Problems in Europe can and probably will erupt again. The U.S. budget deficit is intractable. The dollar promises future weakness. Inflation and money printing are out of control. The Mid-East and oil prices are mercurial. China is slowing down. The U.S. economy remains weak. No one can be sure whether another crisis lies around the bend or if we will have some semblance of a recovery.
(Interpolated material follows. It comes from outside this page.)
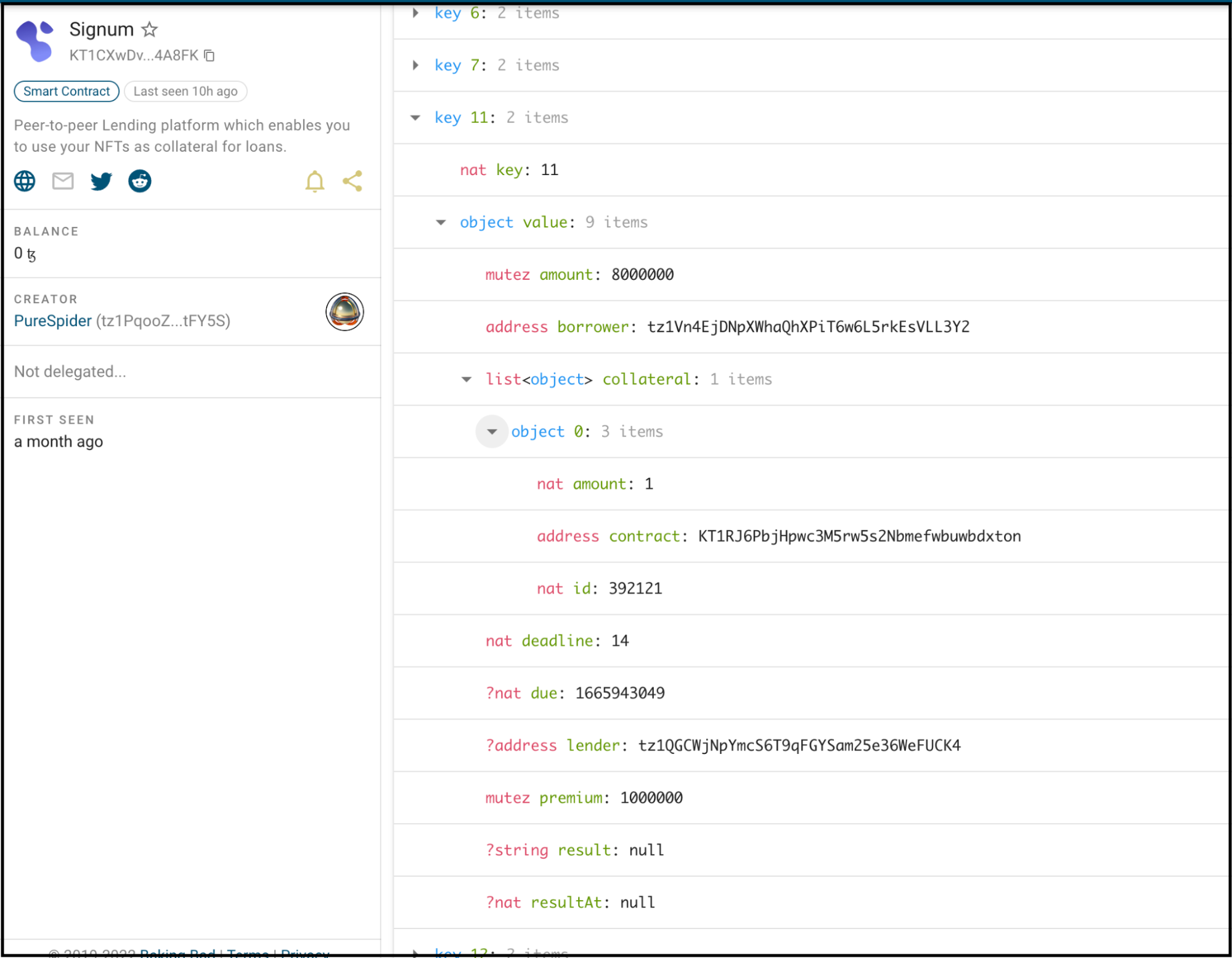 - Explore the contract's storage, especially big_maps. For example, in the Signum contract there is the big_map "offers", where all loan offers are stored. Also, it includes a nested list "object" with info about the NFT in collateral.

No matter what happens silver could be the answer for people who don’t want to lose their fortune or damage their purchasing power. First of all you have an asset that’s in short supply. The billions of ounces that were once above ground and in the hands of the U.S. government are gone forever. Industrial demand for silver has been so great that all the silver ever mined in thousands of years has been used up. Think of it, all the Spanish silver from the incredibly rich Potosi mine in Bolivia and the great mines in Mexico, is gone. All the silver from the Comstock Lode and Leadville has vanished. All the big silver mines in China, Australia, South America and Canada have poured forth silver that industry has devoured.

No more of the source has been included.